Archive for the ‘BIAB’ Category

You Brew Your Own Beer? Pretzel beer?

I am taking a break from brewing starting January so I can prepare for my Professional Engineer exam in April. I have some backstock ingredients so I have been working them down. Today I brewed an experimental beer that I hope reminds me of pretzels.

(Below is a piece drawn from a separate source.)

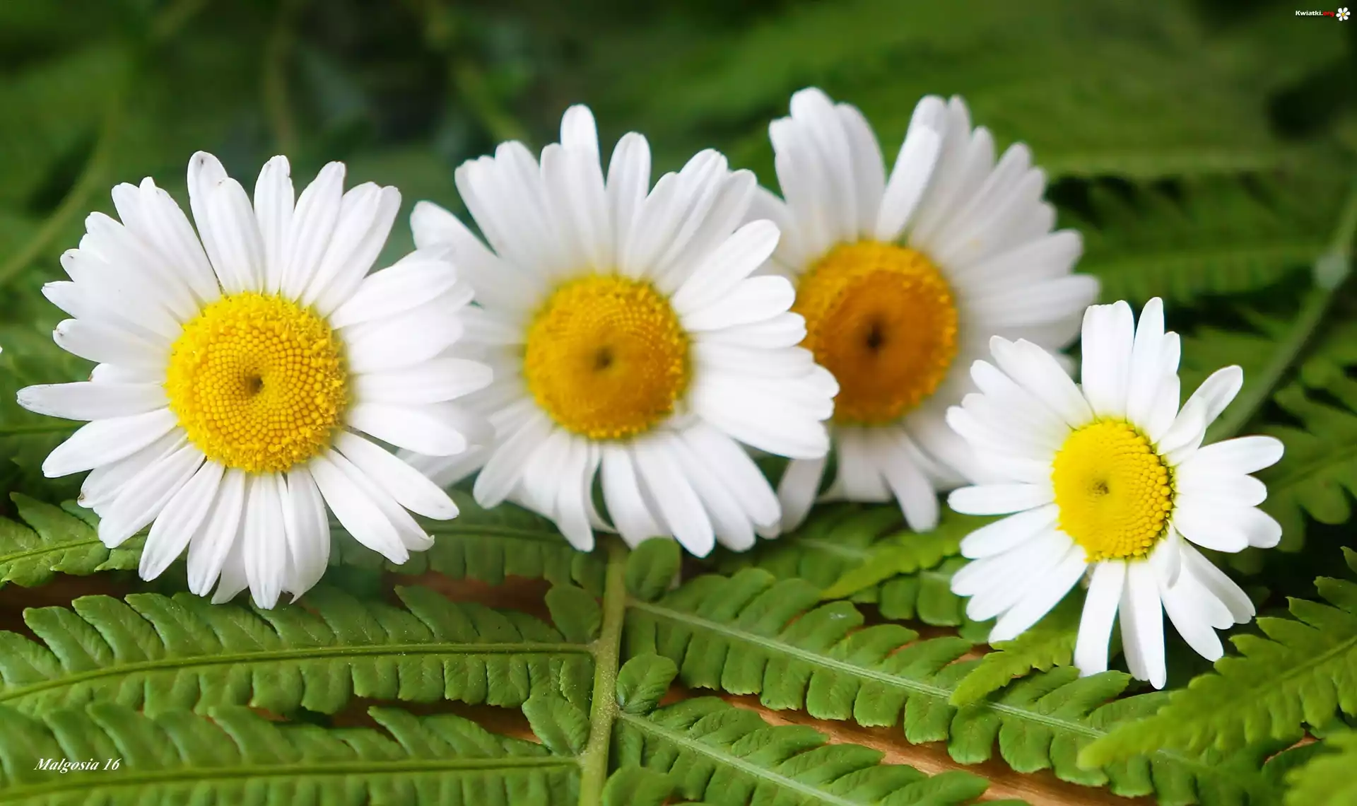 Margerytki, Białe, Kwiaty, Paproć - Zdjęcia

Here is the recipe for 1.5 gallons:
10.00 g Sea Salt (Mash 60.0 mins) Water Agent 1 –
1 lbs 10.4 oz White Wheat Malt (2.4 SRM) Grain 2 69.5 %
4.0 oz Acid Malt (3.0 SRM) Grain 3 10.5 %
4.0 oz White Wheat Malt-toasted (2.4 SRM) Grain 4 10.5 %
2.0 oz Oats, Flaked (1.0 SRM) Grain 5 5.3 %
0.30 oz Goldings, East Kent [5.00 %] – Boil 90.0 min Hop 6 23.1 IBUs
1.6 oz Cane (Beet) Sugar (0.0 SRM) Sugar 7 4.2 % post krausen

I did a step mash, biab, stovetop. The first rest was 122F for 30 minutes. The second rest was 152F for 60 minutes. I did a 90 minute boil. I didn’t have any beer yeast, so I used a packet of Montrachet. Hopefully it rips through the sugars, I’m not looking for yeast character on this one anyways. Hopefully the acid malt gives the hint of sourdough, the salt, well salt, and the toasted wheat that toasty outer crust of a pretzel. The wort tasted pretty good going into the fermenter.

I used a 5 gallon paint strainer for this BIAB on my stovetop

The mash, really light with the white wheat

Sleeping bag wrap for the rests

Almost the scale of steeping grains in extract brewing…

Back to the kitchen sink cooling

While I was brewing, some other things were going on at Little House on the Sandpit…

Panels for gingerbread houses were made

I tried some pine needle and spruce tip tea

and our sick chicken started to feel better, she can stand without falling over now.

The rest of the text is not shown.